┌─ Working data

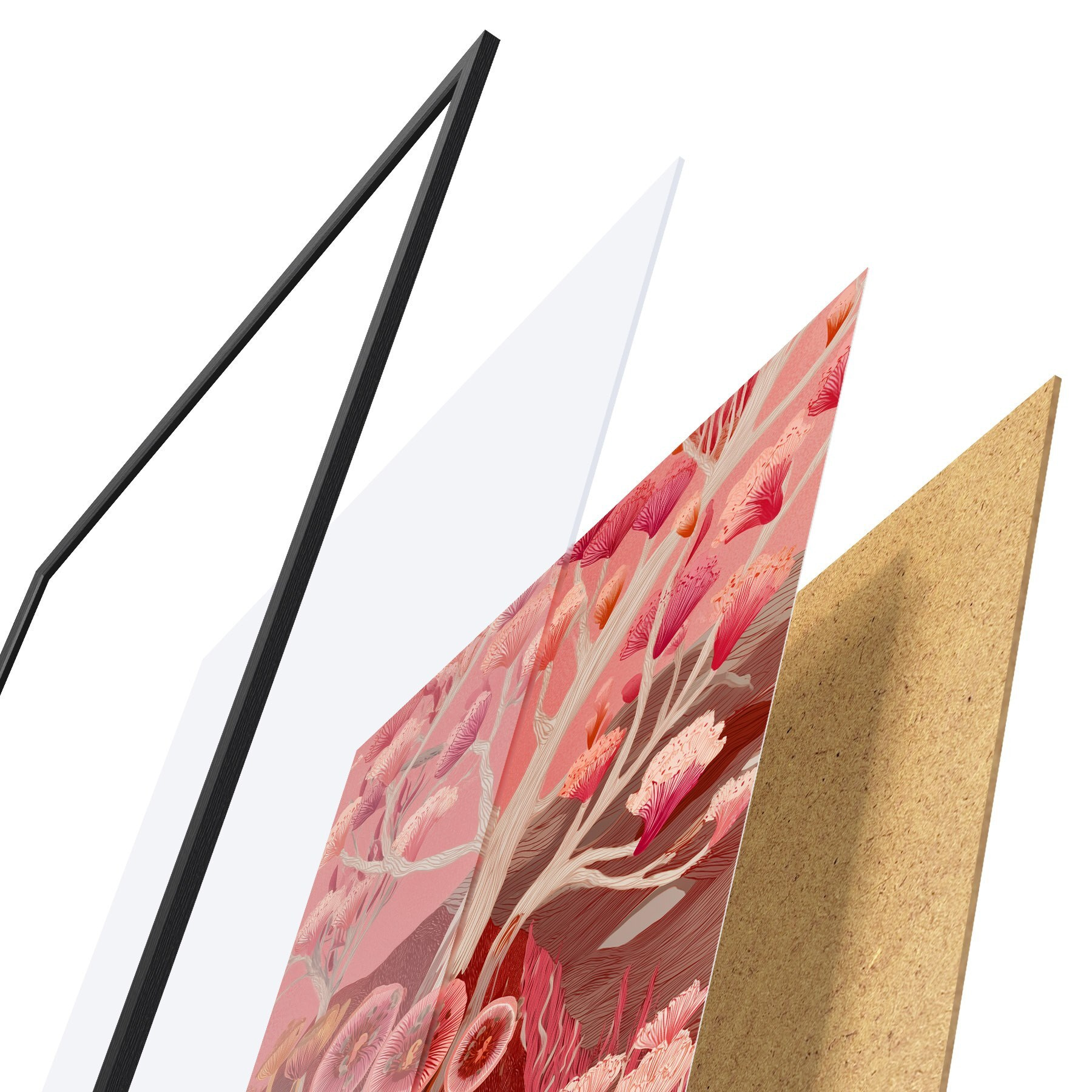 Plakatą sudaro rėmas, pleksiklas, atspausdintas vaizdas ir medžio drožlių plokštės pagrindas. Plakatą galima iš karto pakabinti ant sienos dėl kitoje pusėje esančių laikiklių.
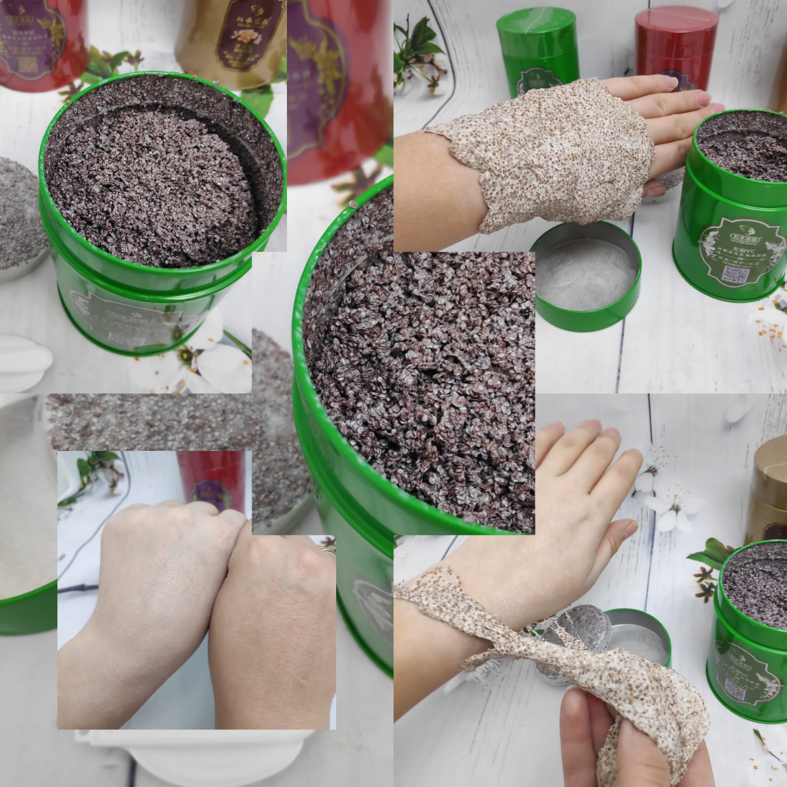 При взаимодействии с жидкостью образует пластичную массу. Семена морских водорослей оказывают регенерирующее воздействие на кожу.
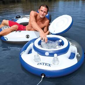 Bar Inflável Flutuante 24 Latas com Porta Copos Intex Na hora de aproveitar os dias quentes sem perder nenhum momento e ainda garantir diversão e conforto, você pode contar com o Bar Inflável Flutuante 24 Latas com Porta Copos Intex. É o acessório que vai levar mais alegria, aconchego e praticidade para dentro da água, afinal, é com ele que você irá armazenar, manter a temperatura e apoiar latas de bebidas e copos, sem o menor risco de causar acidentes. Características do Bar Inflável Flutuante 24 Latas com Porta Copos Intex Este produto é um bar inflável, que possui diversos benefícios para que você, sua família e seus amigos aproveitem os dias de calor com muita diversão, conforto e praticidade. Ele é confeccionado com plástico do tipo PVC, que é muito resistente e de longa duração, ou seja, não te oferecerá problemas com danos ou rasgos ao longo do tempo. Tem 89 cm de diâmetro, que é o tamanho ideal para você transportar com facilidade. A cor é azul. Cada embalagem possui apenas 1 bar flutuante.Bar Inflável Flutuante 24 Latas com Porta Copos IntexCom esse incrível bar inflável, você tem acesso a até 24 latas de forma simples e prática, além de mantê-las geladas. Quer saber mais detalhes? Continue a leitura dos dados abaixo:Características do Bar Inflável Flutuante 24 Latas com Porta Copos IntexO Bar Inflável Flutuante 24 Latas com Porta Copos Intex é bastante amplo, com 89 cm de diâmetro. É feito de plástico do tipo PVC, um material bastante resistente aos danos causados pela umidade e contato direto com a água, como o mofo. Tem duas pegadas para as mãos que facilitam o transporte e possui tampa.Comporta até 24 latas e tem quatro apoios externos para copos, trazendo praticidade.Benefícios do Bar Inflável Flutuante 24 Latas com Porta Copos Intex- Mantém as latas geladas dentro da piscina;- Praticidade em festas em reuniões;- O Bar Inflável Flutuante 24 Latas com Porta Copos Intex comporta até 24 latas de uma vez;- Possui porta copos;Informações extrasNão deixe crianças sozinhas em piscinas, para evitar acidentes, mesmo com boias.A garantia oferecida pela fábrica ao bar inflável é de três meses.Gostou desse produto? Então, corra para garantir agora mesmo o seu Bar Inflável Flutuante 24 Latas com Porta Copos Intex!
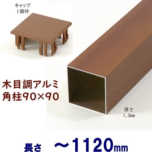 アルミ角柱 木目調 90角L1120mm 厚み1.3mm チーク キャップ1個付 支柱 角パイプ
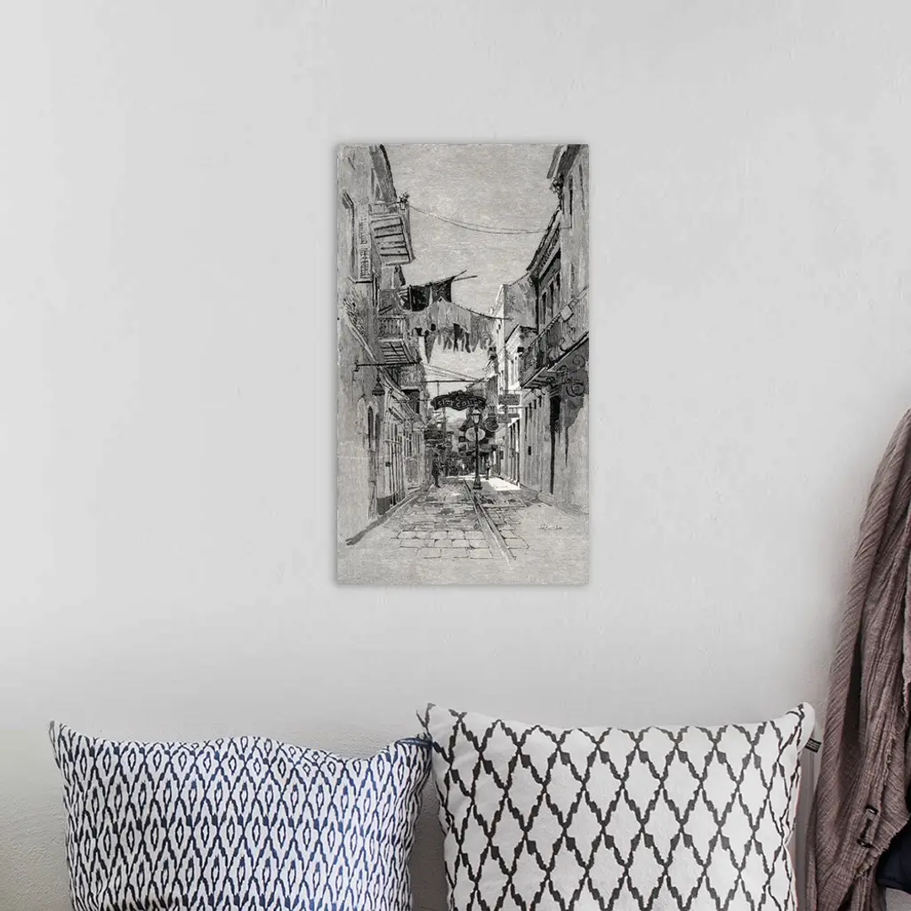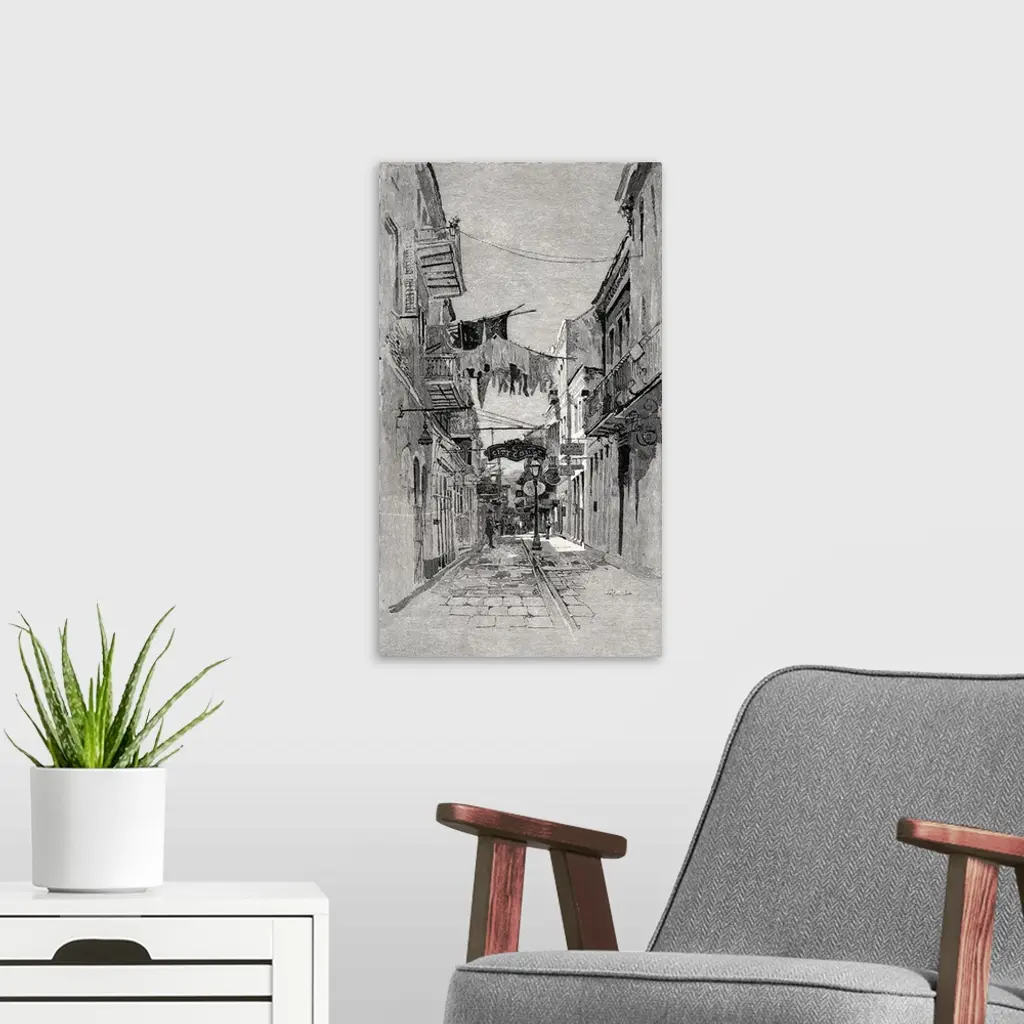Exchange Alley looking toward Canal Street, New Orleans, Louisiana. From the book, "The Century Illustrated Monthly Magazine" May to October, 1883.
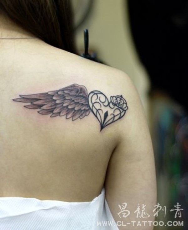 翅膀心锁_女生黑白_女生纹身图案大全_纹身图吧
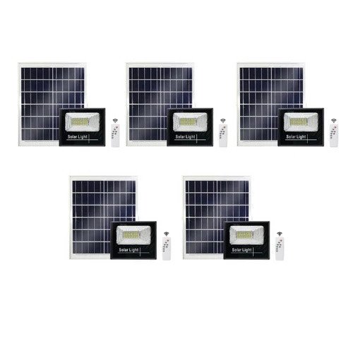 This Pack of 5 Solar 40W LED Floodlights delivers reliable lighting for smaller outdoor areas, combining affordability with smart functionality. Each unit includes a remote control and automatic day/night switch, making it perfect for security, pathway, or garden lighting.
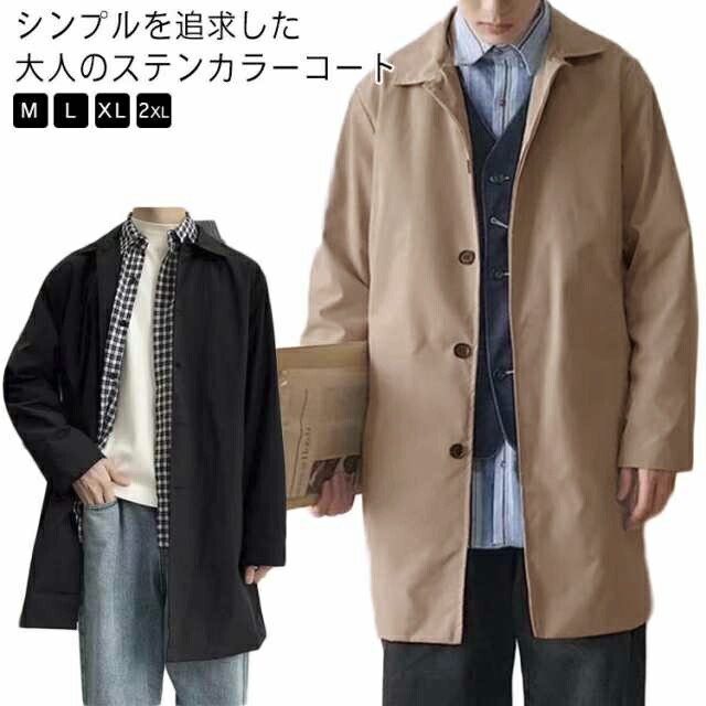 ステンカラーコート メンズ スプリングコート コート バルカラー 薄手 軽量 メンズコート ミドル丈 春 黒 ビジネスコート 膝上 仕事 軽い 男性 秋 ビジネス 防風 無地 定 通勤

└─

◆ The problem:
Set down the data above word for word, leaving every picture out.

◆ Answer section:
 Plakatą sudaro rėmas, pleksiklas, atspausdintas vaizdas ir medžio drožlių plokštės pagrindas. Plakatą galima iš karto pakabinti ant sienos dėl kitoje pusėje esančių laikiklių.
 При взаимодействии с жидкостью образует пластичную массу. Семена морских водорослей оказывают регенерирующее воздействие на кожу.
 Bar Inflável Flutuante 24 Latas com Porta Copos Intex Na hora de aproveitar os dias quentes sem perder nenhum momento e ainda garantir diversão e conforto, você pode contar com o Bar Inflável Flutuante 24 Latas com Porta Copos Intex. É o acessório que vai levar mais alegria, aconchego e praticidade para dentro da água, afinal, é com ele que você irá armazenar, manter a temperatura e apoiar latas de bebidas e copos, sem o menor risco de causar acidentes. Características do Bar Inflável Flutuante 24 Latas com Porta Copos Intex Este produto é um bar inflável, que possui diversos benefícios para que você, sua família e seus amigos aproveitem os dias de calor com muita diversão, conforto e praticidade. Ele é confeccionado com plástico do tipo PVC, que é muito resistente e de longa duração, ou seja, não te oferecerá problemas com danos ou rasgos ao longo do tempo. Tem 89 cm de diâmetro, que é o tamanho ideal para você transportar com facilidade. A cor é azul. Cada embalagem possui apenas 1 bar flutuante.Bar Inflável Flutuante 24 Latas com Porta Copos IntexCom esse incrível bar inflável, você tem acesso a até 24 latas de forma simples e prática, além de mantê-las geladas. Quer saber mais detalhes? Continue a leitura dos dados abaixo:Características do Bar Inflável Flutuante 24 Latas com Porta Copos IntexO Bar Inflável Flutuante 24 Latas com Porta Copos Intex é bastante amplo, com 89 cm de diâmetro. É feito de plástico do tipo PVC, um material bastante resistente aos danos causados pela umidade e contato direto com a água, como o mofo. Tem duas pegadas para as mãos que facilitam o transporte e possui tampa.Comporta até 24 latas e tem quatro apoios externos para copos, trazendo praticidade.Benefícios do Bar Inflável Flutuante 24 Latas com Porta Copos Intex- Mantém as latas geladas dentro da piscina;- Praticidade em festas em reuniões;- O Bar Inflável Flutuante 24 Latas com Porta Copos Intex comporta até 24 latas de uma vez;- Possui porta copos;Informações extrasNão deixe crianças sozinhas em piscinas, para evitar acidentes, mesmo com boias.A garantia oferecida pela fábrica ao bar inflável é de três meses.Gostou desse produto? Então, corra para garantir agora mesmo o seu Bar Inflável Flutuante 24 Latas com Porta Copos Intex!
 アルミ角柱 木目調 90角L1120mm 厚み1.3mm チーク キャップ1個付 支柱 角パイプ
Exchange Alley looking toward Canal Street, New Orleans, Louisiana. From the book, "The Century Illustrated Monthly Magazine" May to October, 1883.
 翅膀心锁_女生黑白_女生纹身图案大全_纹身图吧
 This Pack of 5 Solar 40W LED Floodlights delivers reliable lighting for smaller outdoor areas, combining affordability with smart functionality. Each unit includes a remote control and automatic day/night switch, making it perfect for security, pathway, or garden lighting.
 ステンカラーコート メンズ スプリングコート コート バルカラー 薄手 軽量 メンズコート ミドル丈 春 黒 ビジネスコート 膝上 仕事 軽い 男性 秋 ビジネス 防風 無地 定 通勤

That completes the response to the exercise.